Any questions about how the Norway striker would fit in Manchester City’s system this season were soon answered when he netted 14 goals in his first eight Premier League games, including back-to-back hat-tricks against Crystal Palace and Nottingham Forest.
With 25 goals in his first 19 league games, it seems a matter of when, not if, Haaland will break Andy Cole and Alan Shearer’s Premier League record of 34 goals in one season.
But what about pre-Premier League records?
William Ralph Dean led Everton to the league title in 1927-28. Known as Dixie, Dean scored a barely believable 60 league goals, even though he missed three of the 42 matches that season.
Many years after his famous season, Dean spoke about his record. “People ask me if that 60-goal record will ever be beaten,” he said. “I think it will. But there’s only one man who’ll do it. That’s that fella who walks on the water. I think he’s about the only one.”

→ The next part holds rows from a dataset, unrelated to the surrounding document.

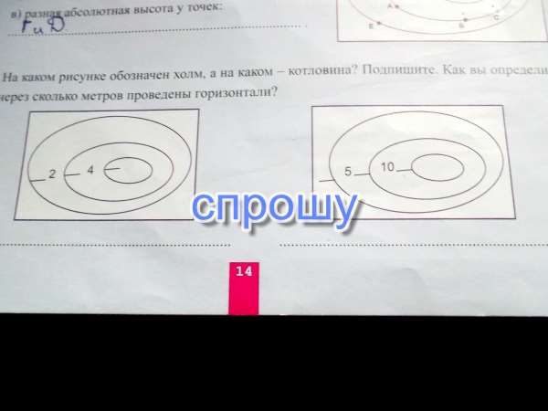 На каком рисунке обозначен холм, а на каком котловина? Подпишите. Как вы определили, через сколько метров проведены горизонтали?
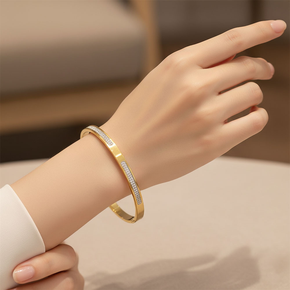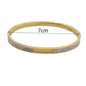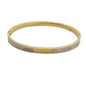 Βραχιόλι Ατσάλι με Διπλή Γραμμή Στρας XL 7CM – Χρυσό
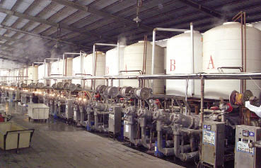 公司在政府的资助下,进行“染色设备(染缸)保温技术”的研发,以助厂房降低染缸热量散失,达节能降耗目的。该项目采用高压无气喷涂设备,将工业隔热涂料喷涂于染缸外表面,形成厚约3毫米的隔热层,外加一层防水墙面漆,减少染缸热量散失。厂内20台先进的气流染缸先后采用此保温技术,可减少染缸热能散失量18.9%,20台染缸一年能节省蒸汽达16800吨及开支逾234万元。而喷涂投入费用,更可在一年内收回。
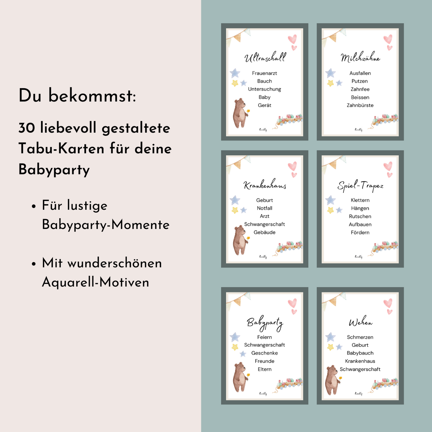 Das perfekte Spiel für jede Babyparty! Dieses Baby Shower Bingo bringt garantiert Stimmung in die Runde. Mit 25 hochwertigen Spielkarten im modernen Design - jede mit 25 lustigen Aufgaben rund um Schwangerschaft und Baby-Themen. Einfach die Namen der Gäste eintragen und dann geht's los: Wer findet als Erster eine volle Reihe? Zwei Spielvarianten sorgen für Abwechslung und die Anleitung erklärt alles ganz einfach. Super als Eisbrecher - so kommen auch Gäste, die sich nicht kennen, schnell ins Gespräch. Für jede Altersgruppe geeignet und ein absolutes Highlight auf jeder Babyparty! Auch ein wunderbares Geschenk für die werdenden Eltern - persönlich, witzig und unvergesslich. Einfach verteilen, Stifte bereitstellen und der Spielspaß kann beginnen! Deine Gäste werden begeistert sein - versprochen!
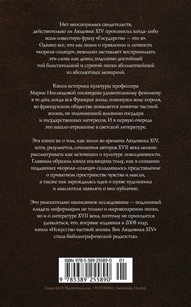 Нет неоспоримых свидетельств, действительно ли Людовик XIV произносил когда-либо всем известную фразу «Государство — это я». Однако все, что мы знаем о правлении и личности «короля-солнце», невольно заставляет воспринимать эти слова как девиз, подлинно достойный той блистательной и строгой эпохи абсолютнейшей из абсолютных монархий. Книга историка культуры профессора Марии Неклюдовой посвящена удивительному феномену: в те дни, когда вся Франция жила, повинуясь воле короля, во французском обществе появляется понятие частной жизни, не подчиненной влиянию государя и государственных интересов. И в первую очередь это нашло отражение в светской литературе. Эта книга не о том, как жили во времена Людовика XIV, хотя, разумеется, сочинения авторов XVII века можно рассматривать как источники о культуре повседневности. Главным образом книга посвящена тому, как в сознании подданных «короля-солнце» складывалось представление о приватном пространстве чувства и мысли, а также — как зарождалась идея о праве художника и мыслителя заявлять о них публично. Это увлекательно написанное исследование — подлинный кладезь информации не только о мировоззрении эпохи, но и о литературе XVII века, поэтому не приходится удивляться, что, впервые изданная в 2008 году, книга «Искусство частной жизни. Век Людовика XIV» стала библиографической редкостью.
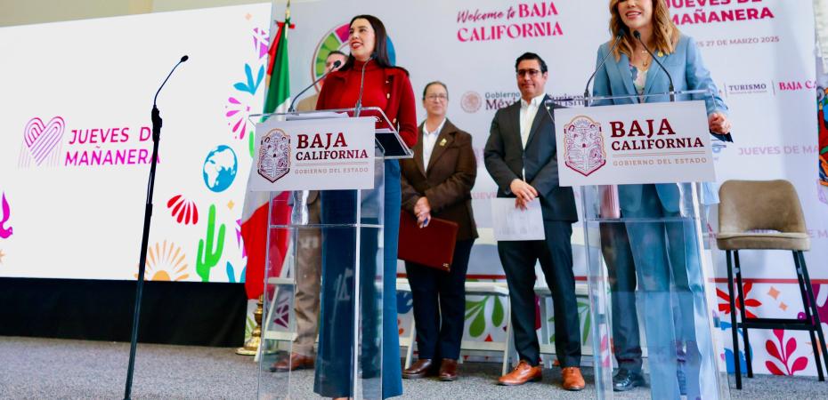 * La secretaria de Turismo del Gobierno de México y la gobernadora de Baja California presentaron los pormenores del Tianguis Turístico 2025, durante su Conferencia Mañanera

So can Haaland walk on water?
Blackburn Rovers’ Ted Harper scored a record 43 goals during the 1925-26 top-flight campaign, but his impressive mark stood for just two years before Dean blew it out of the water.
Former Liverpool manager Bill Shankly recalled Dean as well as anyone, having played against him for Preston North End in the mid-1930s.
“Dixie was the greatest centre-forward there will ever be,” he said. “His record of goalscoring is the most amazing thing under the sun. He belongs in the company of the supremely great like Beethoven, Shakespeare and Rembrandt.”
So how good was Dean? It is difficult to compare across eras, however it is easier to compare Dean with his peers. Looking at the three years before and three years after Dean’s record-breaking season, the First Division’s leading scorer averaged 40 goals. Dean smashed that by 50%. The closest anyone has come to challenging Dean is Tom Waring’s 49 for Aston Villa in 1930-31, but even he only reached 81% of Dean’s total.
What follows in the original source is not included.